Я думал, он задремал с открытыми глазами, старики частенько этот фокус проделывают, но тут Иван Данилович поднял голову, посмотрел на меня и с не естественной деловитостью осведомился:
— Ну, и что там новенького?
— В каком, собственно, смысле? — садясь на место, спросил я.
— В самом прямом, любезнейший Евгений Андреевич, — слегка порозовев от подавленного негодования, ответствовал старик. — Я ведь не спрашиваю ничего неприличного и, кажется, имею право рассчитывать на человеческий ответ. Мне совершенно безразлично, например, как вы здесь оказались, дело ваше, молодое, не смею встревать. Зачем же иронизировать?
— Да вовсе я не иронизирую, что это с вами? — возразил я. — Вопрос ваш неясен, только и всего. Что значит «новенького»? За какой период?
— Ну, скажем, с сентября прошлого года, — помедлив, сказал старик.
С сентября прошлого года. А что такого было в сентябре прошлого года? Анюта вернулась из Лихова осунувшаяся, взвинченная, чужая, начались ее, загадочные ночные телефонные переговоры. Да, каждый вечер она забирала телефонный аппарат к себе в комнату, и я через стенку слушал ее монотонные односложные реплики: «Да, нет, не знаю, ну и что? Не хочу, нельзя, как знаешь, и что дальше?» Душа моя плакала кровавыми слезами, я чувствовал, как из этих длинных разговоров вокруг меня свивается жесткая, ворсистая петля. Но старика, естественно, интересовали внешние события: Павловская реформа, августовский путч и прочая чепуха, жизненно важная для социально активных стариков.
— Слишком долго рассказывать, — сухо ответил я.
Иван Данилович, должно быть, устал негодовать.
— Так много перемен? — с принужденной беспечностью спросил он. Что, реформация вылилась в крестьянские войны?
Я снова пробормотал нечто вроде: «Тут ведь как?»
— Ладно, успеется, — сказал Иван Данилович и живо поднялся. — Не стану более вас утомлять.
И порывисто, пружинистой юношеской походкой направился к дверям Но меня не обманула эта решительность, я предполагал, что так просто старик не уйдет, — и не ошибся.
— Да, кстати, — проговорил Иван Данилович, взявшись за ручку двери, обернулся, глядя при этом мимо меня, — чуть не забыл.
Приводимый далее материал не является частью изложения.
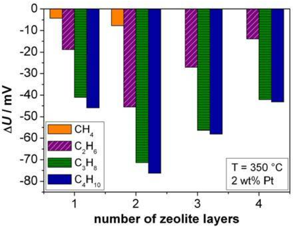 At first glance, it seems strange that the sensor signal increases with an increasing zeolite layer thickness (from one to two layers). However, this agrees with findings in reference [33], also for conductometric sensors. There, the response to 500 ppm saturated hydrocarbons as well as to 1,000 ppm H2 increases with a catalytically activated Pt loaded ZSM-5 filter layer. This is exactly what is observed here. One may speculate that during the diffusion through the zeolite a partial oxidation reaction occurs, leading to very reactive intermediate species. In the case of methane, a thickness of three layers might be sufficient to oxidize all molecules that diffuse through the zeolite layer to the electrode.
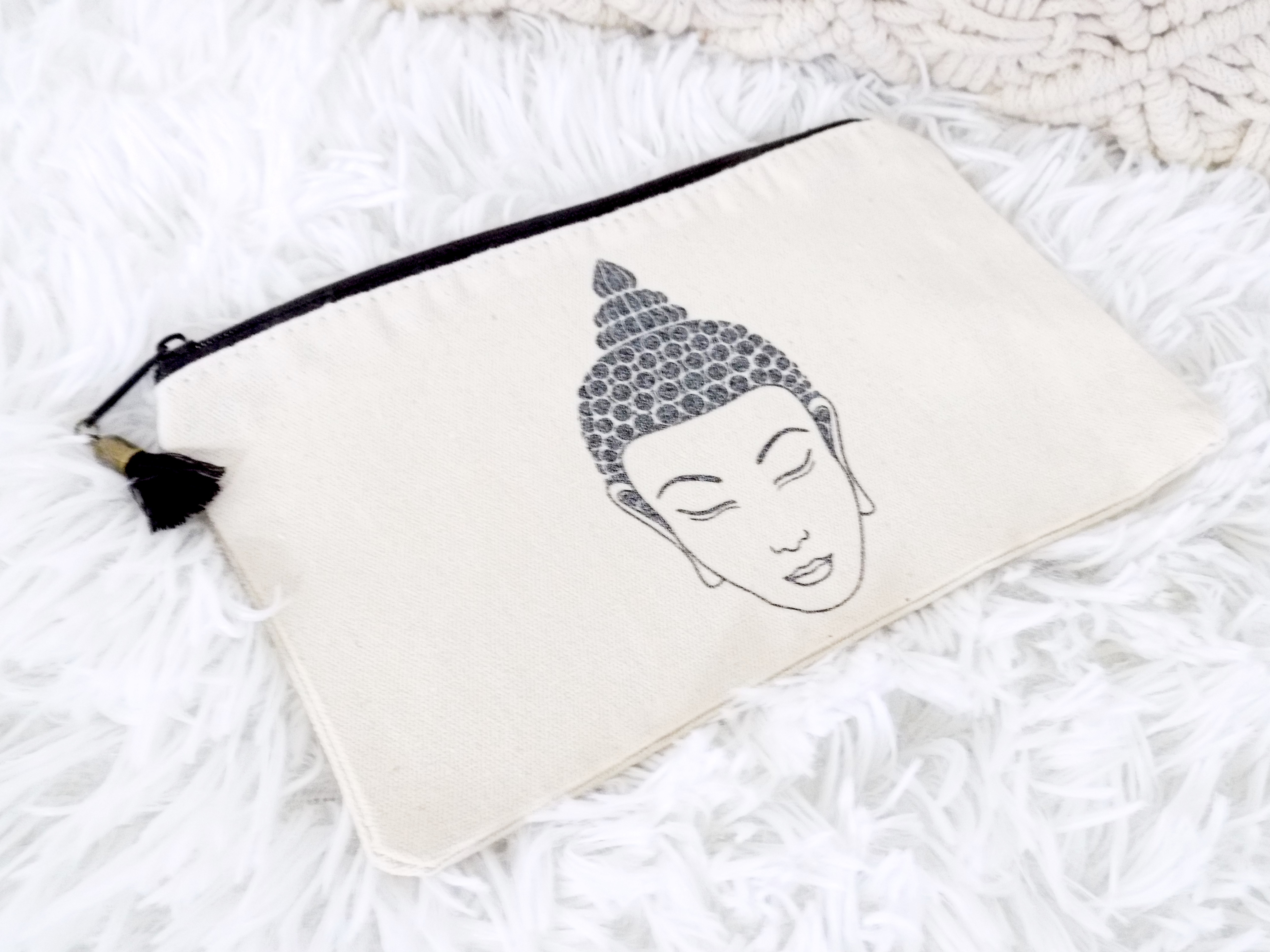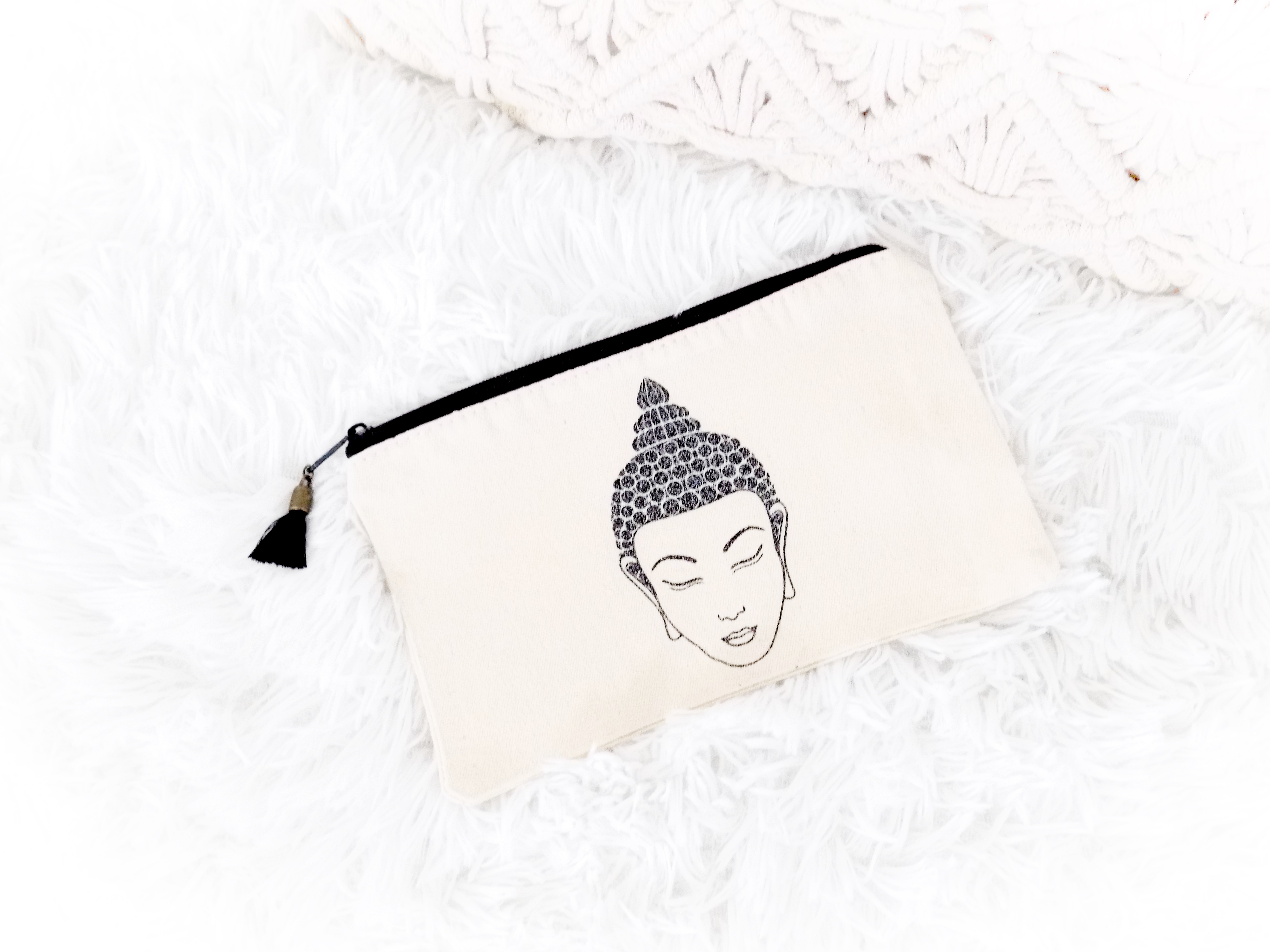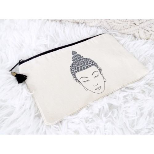 Magnifique pochette avec un très joli bouddha noir pailleté, agrémentée d'une breloque pompon noir et bronze sur le zip pour le côté fun !

Не найдется ли у вас свежей газетки? Понимаю, что не сегодняшней и даже не вчерашней, пусть хоть недельной давности. Скучно, знаете ли, без центральных убеждений.
Жадное нетерпение, прозвучавшее в его голосе, лучше всяких слов свидетельствовало, что только за этим он, собственно, и пришел. Мне не жалко было бы поделиться с ним чтивом, но, увы, старик явился не по адресу: я уже давно не читаю газет. Мне противны все эти скоротечные эпохи, судьбоносные для кого-то подвижки, мне чужда философия дискретной, прерывистой жизни. Я шкурой своей, на горбу своем ощутил (в восемнадцать, да, в восемнадцать), что жизнь моя (а другой у меня нет) — что жизнь моя органически неделима и что никакие ее перестройки не принесут мне избавления от меня самого. Но поди-ка объясни это старику. Бывший учитель бывшей истории, он всю жизнь доказывал противоположное: что главные события происходят не внутри человека, а вне его.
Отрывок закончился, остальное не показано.